Why The Sun Will Never Fall


The Sunday Nation


23 January 2005


What force keeps the Earth moving around the Sun? Why doesn’t it stop? And how does the Sun float in space with nothing to support it and prevent it from falling? These questions can be answered if think about a simple experiment:

Everyone knows that the harder you throw an object the further away it will land.  If you fling a stone horizontally at 80km/h, it will hit the ground just over 12.5 metres away. If the speed is doubled (160km/h), the landing distance also doubles to 25m.

Now suppose you mounted a powerful cannon on top of mount Kenya aiming horizontally. Bearing in mind that the Earth is round, is it possible to shoot the cannonball so fast that it goes round the planet and comes back to the mountain from the opposite side? Yes! Theoretically, if it were fired at an initial speed of 29,000km/h, the cannonball would never land. At this speed, it would orbit the earth and return to the starting point in 83 minutes.
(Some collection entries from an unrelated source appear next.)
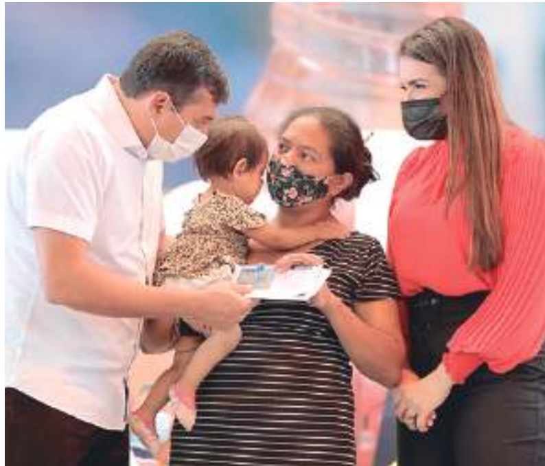
Benefício é pago todo dia 15 e favorece geração de emprego e renda

O pagamento aos beneficiários do Auxílio Estadual Permanente, do Governo do Amazonas, acontece todo dia 15 de cada mês. O desembolso do programa destinado a pessoas em situação de pobreza e extrema pobreza significa a injeção mensal de R$ 45 milhões na economia do estado, favorecendo a geração de emprego e renda no comércio dos 62 municípios.
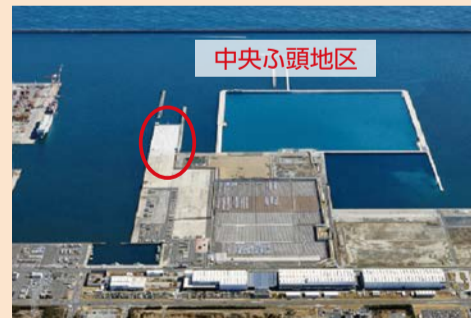
常陸那珂港中央ふ頭D岸壁 延長300mで完成・供用開始
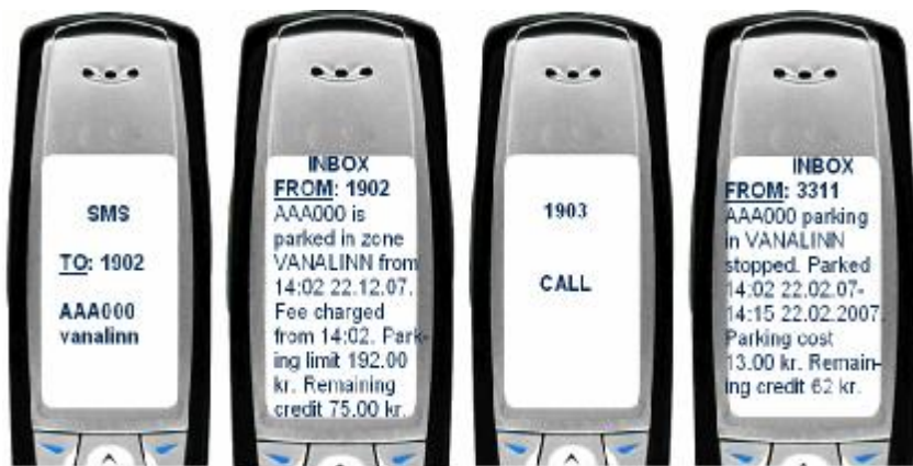
Рисунок 2. Початок (зліва) та закінчення (справа) мобільного паркування

оплати за паркування. Пропонований підхід не потребує значних коштів, базується на наявній техніці як у операторів мобільного зв'язку, так і у населення, а тому може бути швидко та ефективно впроваджений.

In reality, however, the cannonball slows down as it flies through the air. It would therefore land somewhere halfway around the Earth. But if the experiment were repeated from a very high altitude - where there is virtually no air at all - the ball would go round the planet.

This is how satellites manage to stay up is space for many years without ever needing fuel. In the same way, the Earth keeps moving round the Sun in empty space. It does not need to be pushed by anything because there is nothing slowing it down.
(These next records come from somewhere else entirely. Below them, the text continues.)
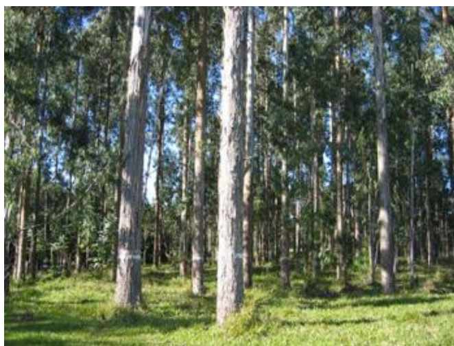
Imagem 6: Floresta de eucalipto

As espécies mais comumente plantadas hoje em dia, segundo levantamento do MAPA (2012f), são o eucalipto, pinus e a acácia-negra, porém outras espécies também estão sendo utilizadas, como a araucária, a seringueira, o populus, a teca, o paricá, dentre outras.
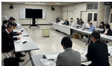
↑過去の移動市長室の様子

任意の様式に町内会名と年代を記入し、大殿地域交流センター2階おおどのコミュニティ協議会事務局に持参またはセンター入り口の右手にあるポストに投函してください。
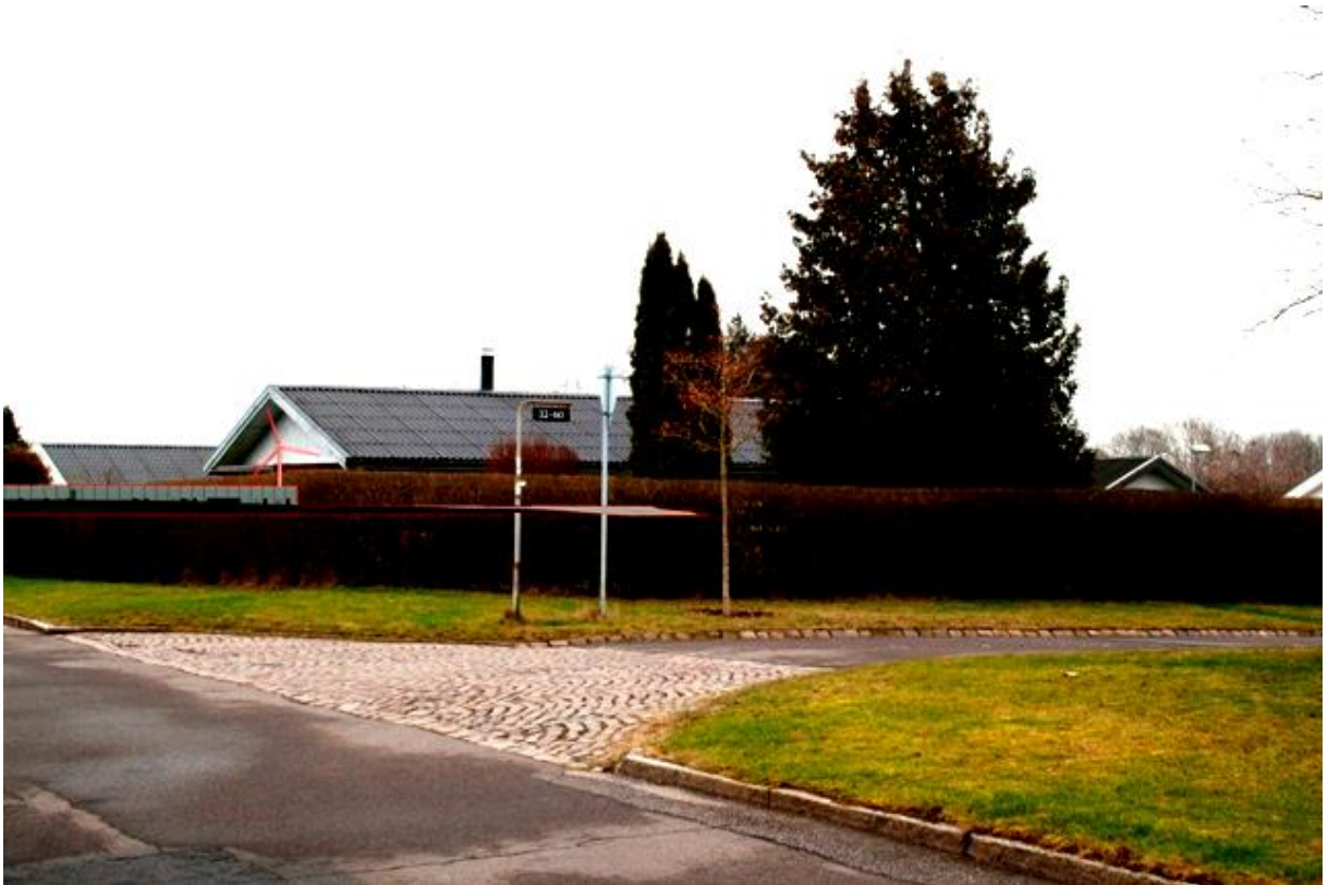
Punkt 1. Hedehusene øst ved Mølleager

Going back to the stone throwing experiment, what if we aim vertically upwards? The results are also well known - the harder you throw, the higher the stone will reach. 80km/h will achieve a height of 25m. But in this case, when the initial speed is doubled, the maximum height does not double - 160km/h will achieve almost 100m.

The maximum height increases as the square of the initial velocity. Thus when the speed is doubled, the highest distance increases by a factor of four (two squared) - 25 x 4 = 100m. For this reason, it is easy to throw objects to great distances in the sky.

But there is another complication: the force of gravity decreases as one goes further away from the Earth. At 2,700km in the sky, the gravitational pull is half that on the ground. And every 2,700km after that, the force decreases by half. Therefore, if an object gains height at a rate greater than the decrease in gravity, it would never stop moving. For this to happen, the object must start off at a minimum of 40,000km/h. At the speed, it would never fall back to Earth.

Finally, how does the sun float in space without falling? The answer to that lies in another question: where would it fall? Nowhere! Since there is no place to fall then it does not fall.